What the task requires - Repeat the data that follows exactly, starting at the line with "Aparentemente, como resultado" and ending at the line with "德力西DETC系列十六孔插座10A+三孔插座16A(云雾白)", and leave out every picture.

Task data -
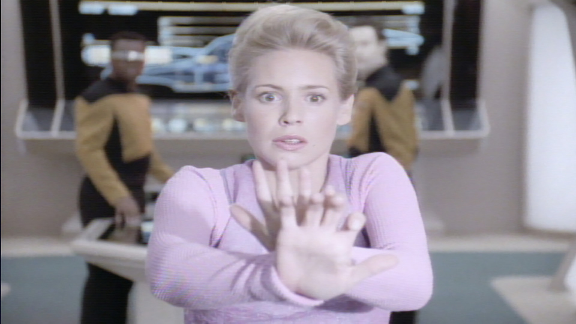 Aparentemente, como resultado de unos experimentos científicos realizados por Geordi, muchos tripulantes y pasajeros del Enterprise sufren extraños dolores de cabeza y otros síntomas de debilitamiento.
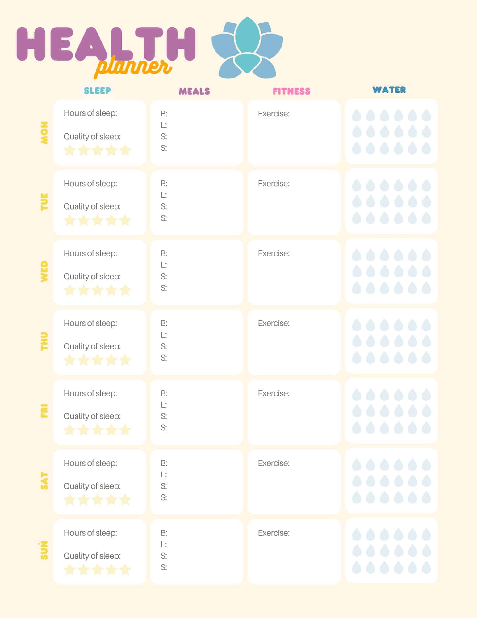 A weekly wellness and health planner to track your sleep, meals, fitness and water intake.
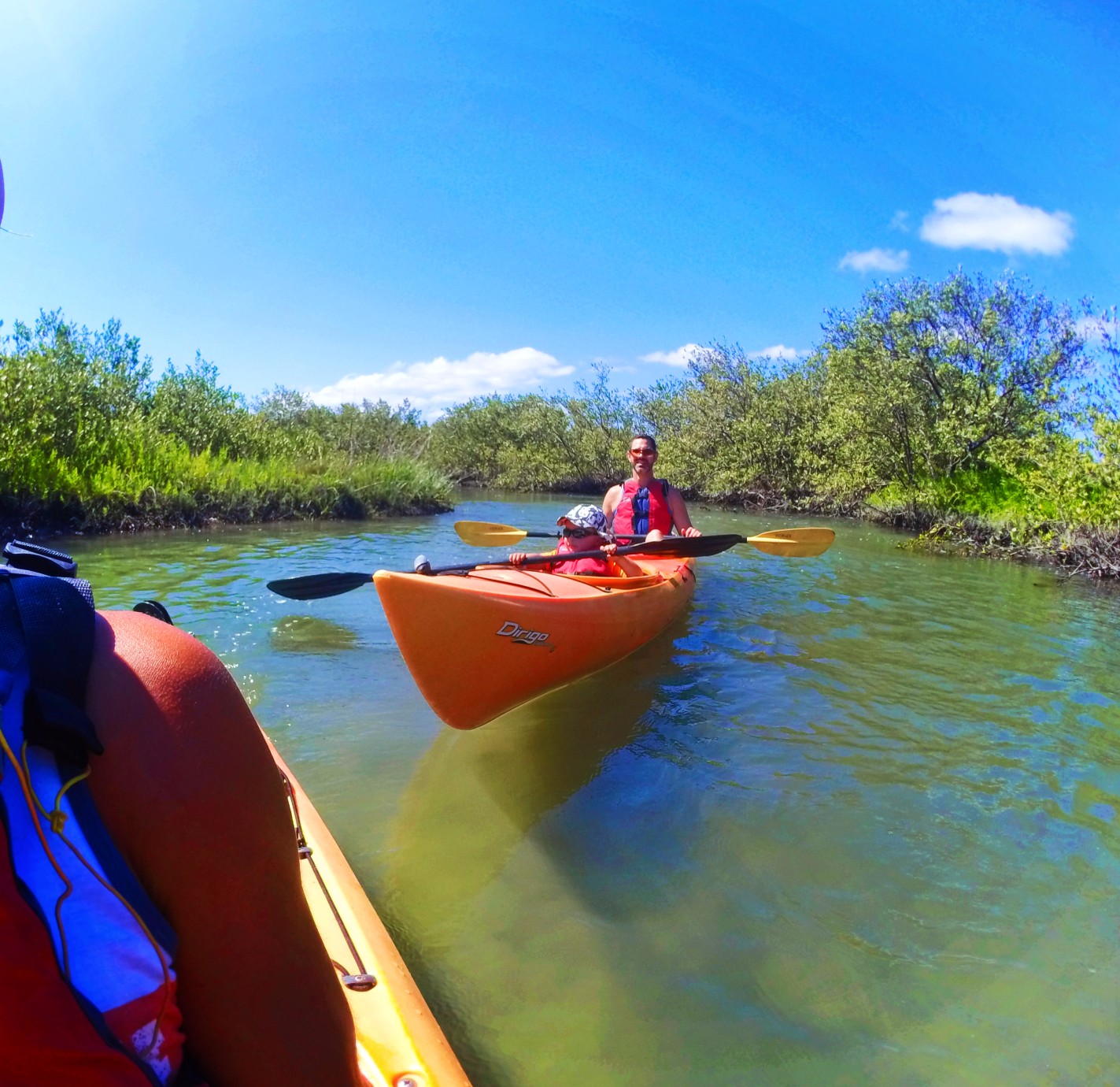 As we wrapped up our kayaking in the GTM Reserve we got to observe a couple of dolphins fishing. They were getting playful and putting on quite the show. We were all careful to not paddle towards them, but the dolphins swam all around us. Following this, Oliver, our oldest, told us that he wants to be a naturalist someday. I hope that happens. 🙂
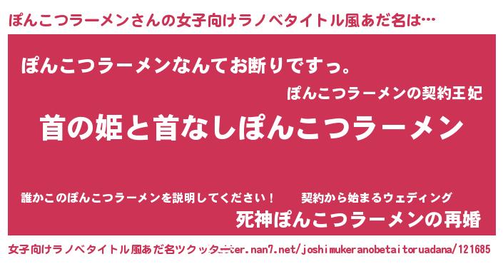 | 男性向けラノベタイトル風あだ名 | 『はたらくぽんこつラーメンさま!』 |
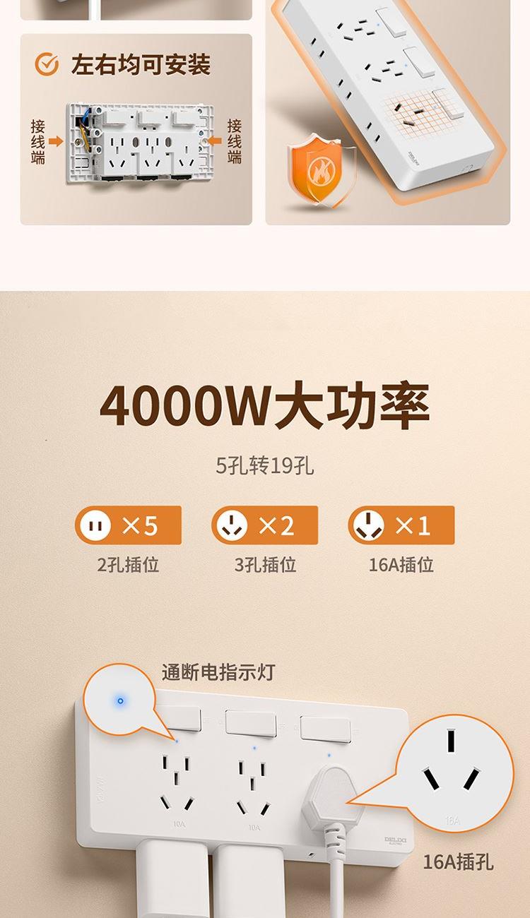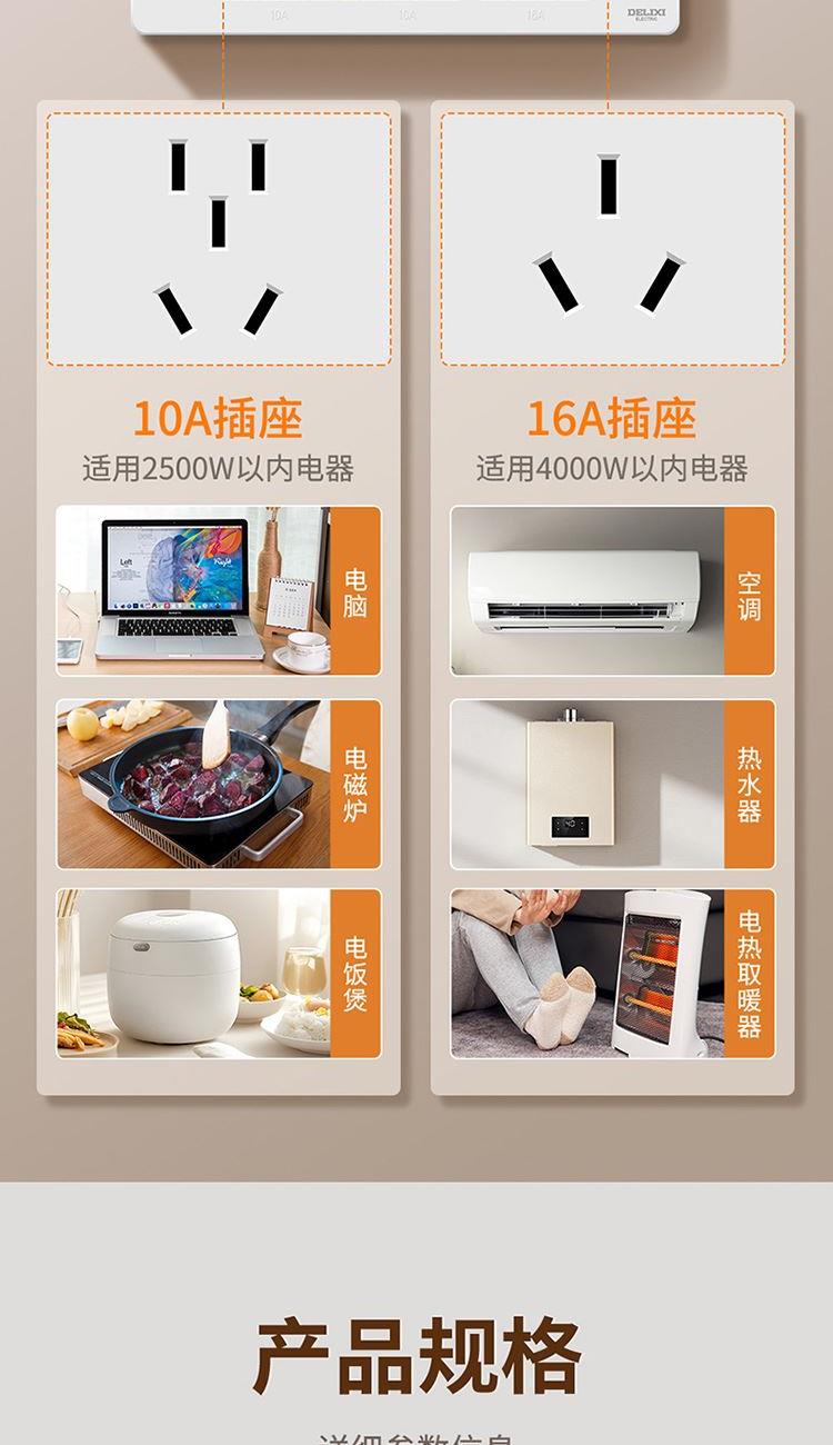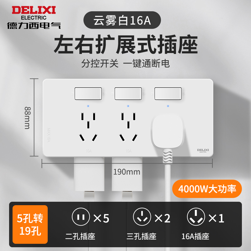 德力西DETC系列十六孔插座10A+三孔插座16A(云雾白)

...

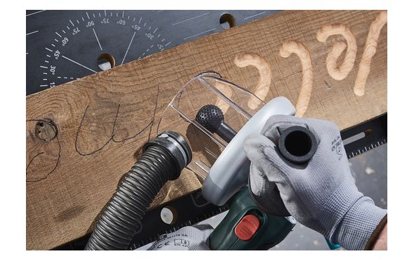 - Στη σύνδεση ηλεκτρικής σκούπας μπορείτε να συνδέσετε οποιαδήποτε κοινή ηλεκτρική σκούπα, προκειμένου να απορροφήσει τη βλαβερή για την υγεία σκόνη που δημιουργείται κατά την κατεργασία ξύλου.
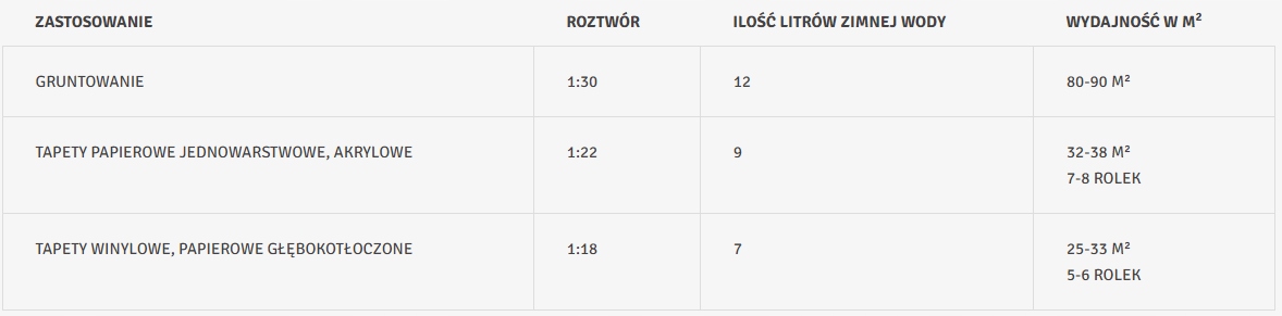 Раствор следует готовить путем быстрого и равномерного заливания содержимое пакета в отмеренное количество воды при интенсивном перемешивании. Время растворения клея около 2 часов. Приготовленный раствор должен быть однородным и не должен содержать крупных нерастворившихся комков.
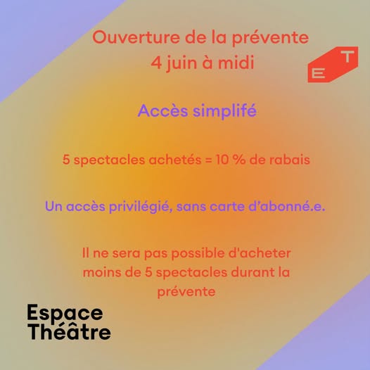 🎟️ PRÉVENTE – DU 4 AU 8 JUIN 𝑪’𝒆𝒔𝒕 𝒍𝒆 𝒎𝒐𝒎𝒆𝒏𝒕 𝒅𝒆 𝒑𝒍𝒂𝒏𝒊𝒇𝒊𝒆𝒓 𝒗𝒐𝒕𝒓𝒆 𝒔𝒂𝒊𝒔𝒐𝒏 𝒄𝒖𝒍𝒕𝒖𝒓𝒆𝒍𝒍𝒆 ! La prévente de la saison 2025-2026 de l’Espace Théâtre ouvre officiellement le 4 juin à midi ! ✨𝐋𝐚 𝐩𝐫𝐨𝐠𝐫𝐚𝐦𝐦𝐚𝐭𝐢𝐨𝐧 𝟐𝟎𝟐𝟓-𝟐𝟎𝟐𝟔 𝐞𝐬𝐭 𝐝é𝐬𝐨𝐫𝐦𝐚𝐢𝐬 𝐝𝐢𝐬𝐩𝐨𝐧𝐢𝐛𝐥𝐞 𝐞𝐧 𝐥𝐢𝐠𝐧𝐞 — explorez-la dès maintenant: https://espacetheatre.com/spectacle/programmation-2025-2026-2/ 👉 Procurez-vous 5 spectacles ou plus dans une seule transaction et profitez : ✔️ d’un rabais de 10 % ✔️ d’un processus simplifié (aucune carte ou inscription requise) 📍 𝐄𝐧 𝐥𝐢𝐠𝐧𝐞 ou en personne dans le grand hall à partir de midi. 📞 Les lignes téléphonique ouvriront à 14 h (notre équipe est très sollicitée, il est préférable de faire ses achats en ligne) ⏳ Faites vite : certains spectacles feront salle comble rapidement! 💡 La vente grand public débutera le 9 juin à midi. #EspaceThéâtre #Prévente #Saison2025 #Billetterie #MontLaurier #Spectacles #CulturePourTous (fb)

--

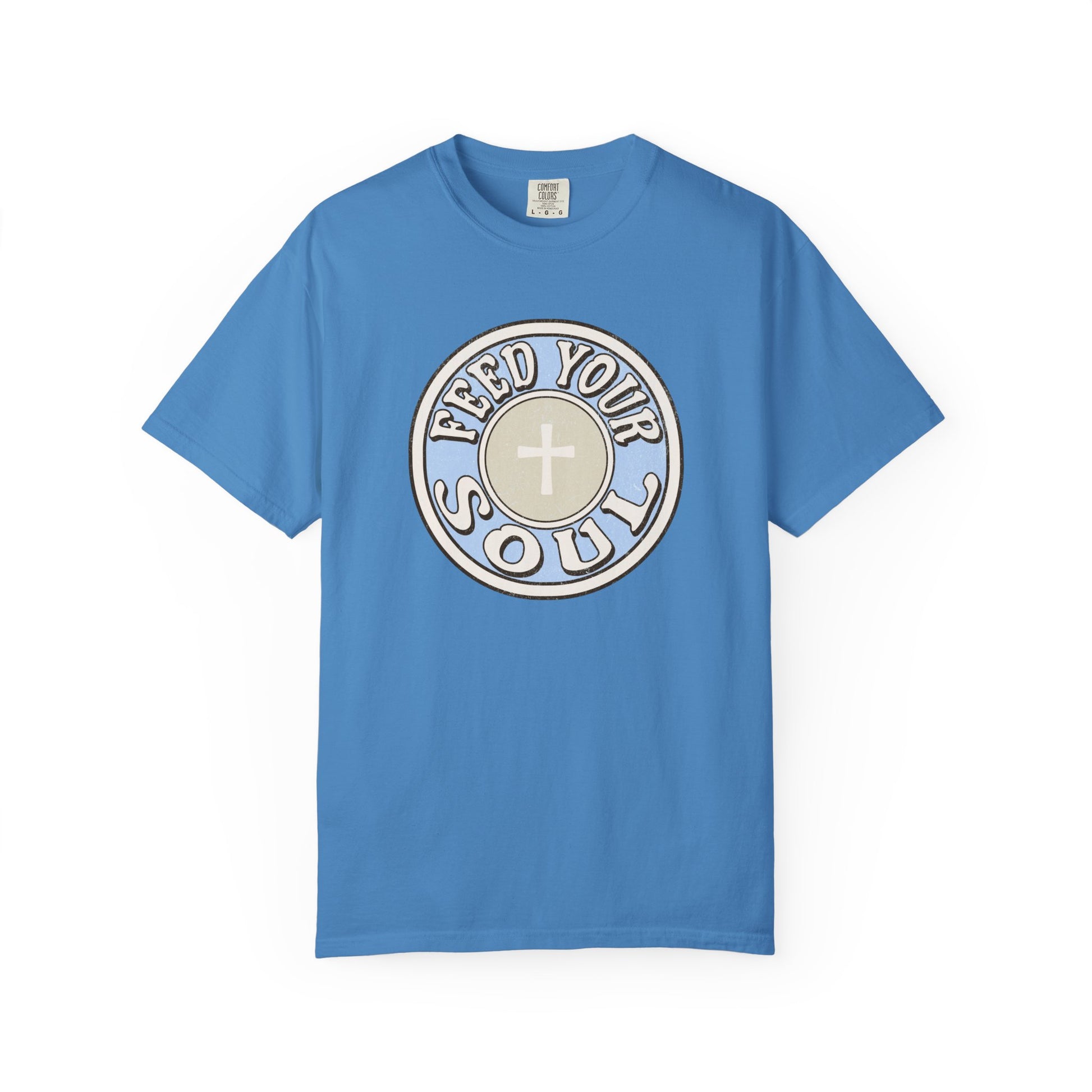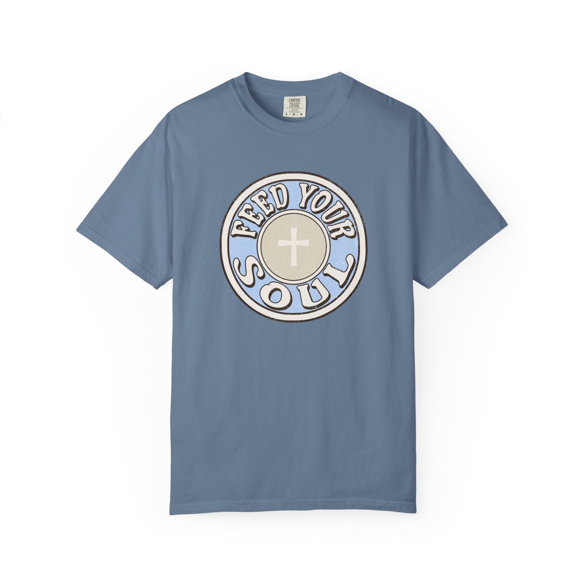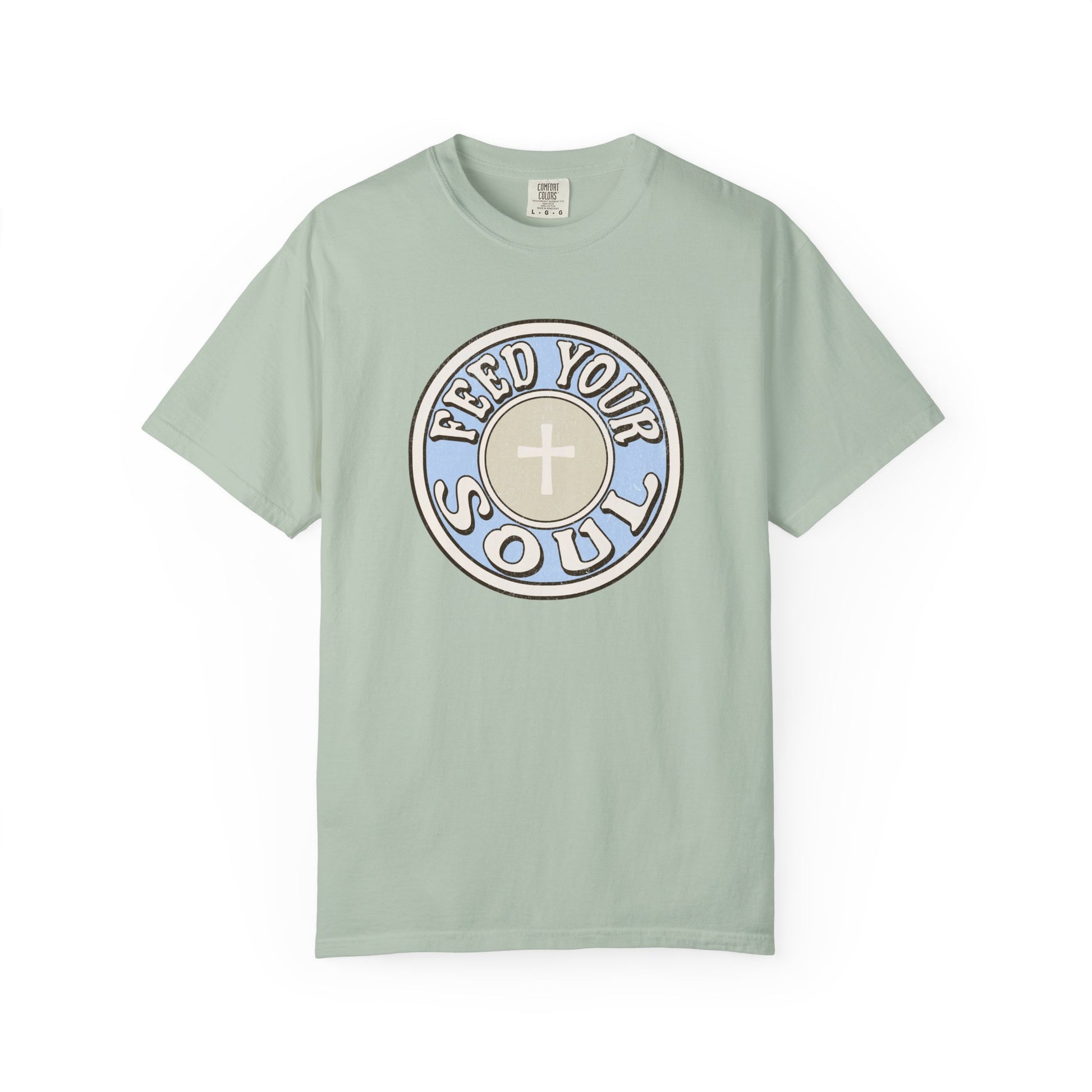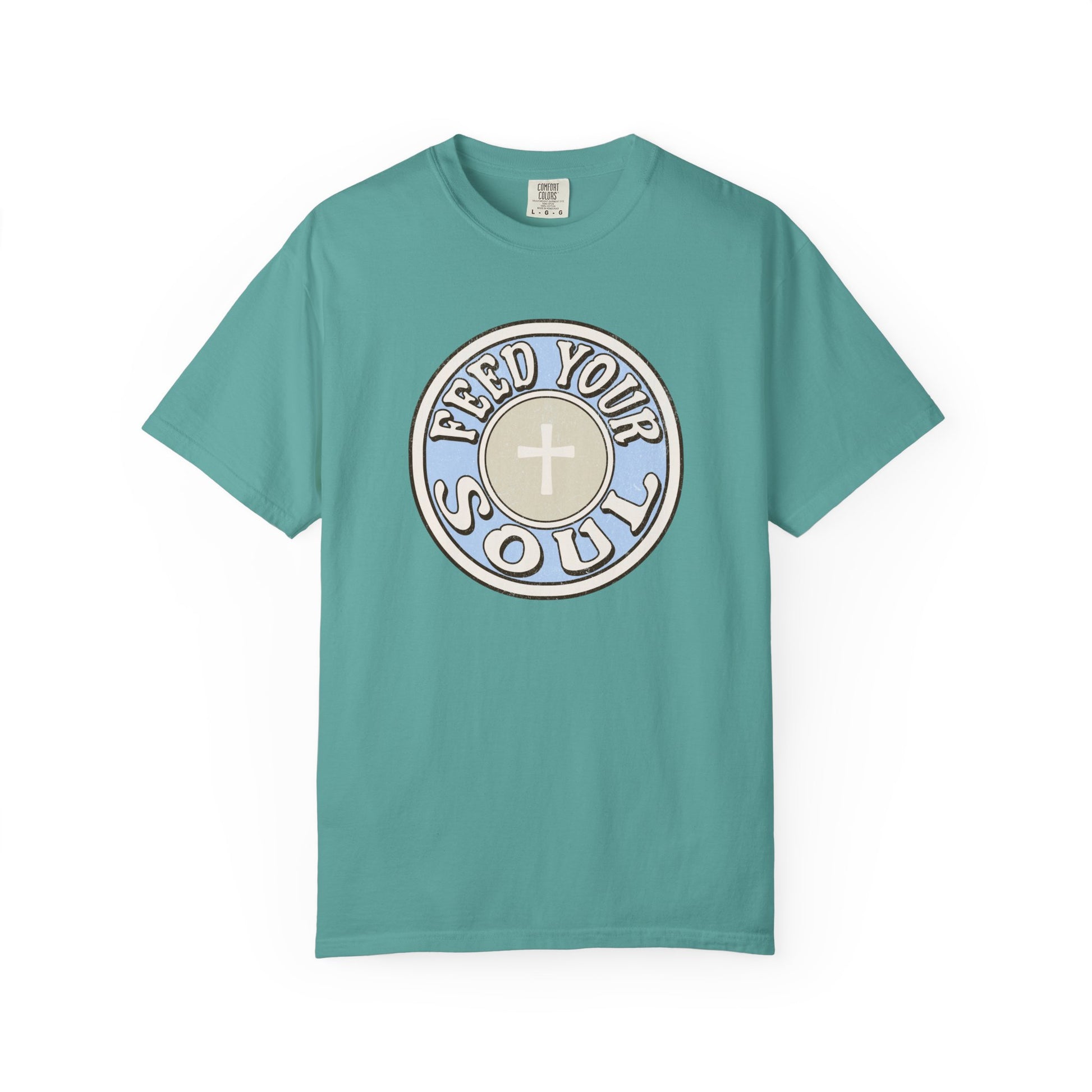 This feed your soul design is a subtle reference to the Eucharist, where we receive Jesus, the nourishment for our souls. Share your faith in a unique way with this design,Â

Written solution -
 Aparentemente, como resultado de unos experimentos científicos realizados por Geordi, muchos tripulantes y pasajeros del Enterprise sufren extraños dolores de cabeza y otros síntomas de debilitamiento.
 A weekly wellness and health planner to track your sleep, meals, fitness and water intake.
 As we wrapped up our kayaking in the GTM Reserve we got to observe a couple of dolphins fishing. They were getting playful and putting on quite the show. We were all careful to not paddle towards them, but the dolphins swam all around us. Following this, Oliver, our oldest, told us that he wants to be a naturalist someday. I hope that happens. 🙂
 | 男性向けラノベタイトル風あだ名 | 『はたらくぽんこつラーメンさま!』 |
 德力西DETC系列十六孔插座10A+三孔插座16A(云雾白)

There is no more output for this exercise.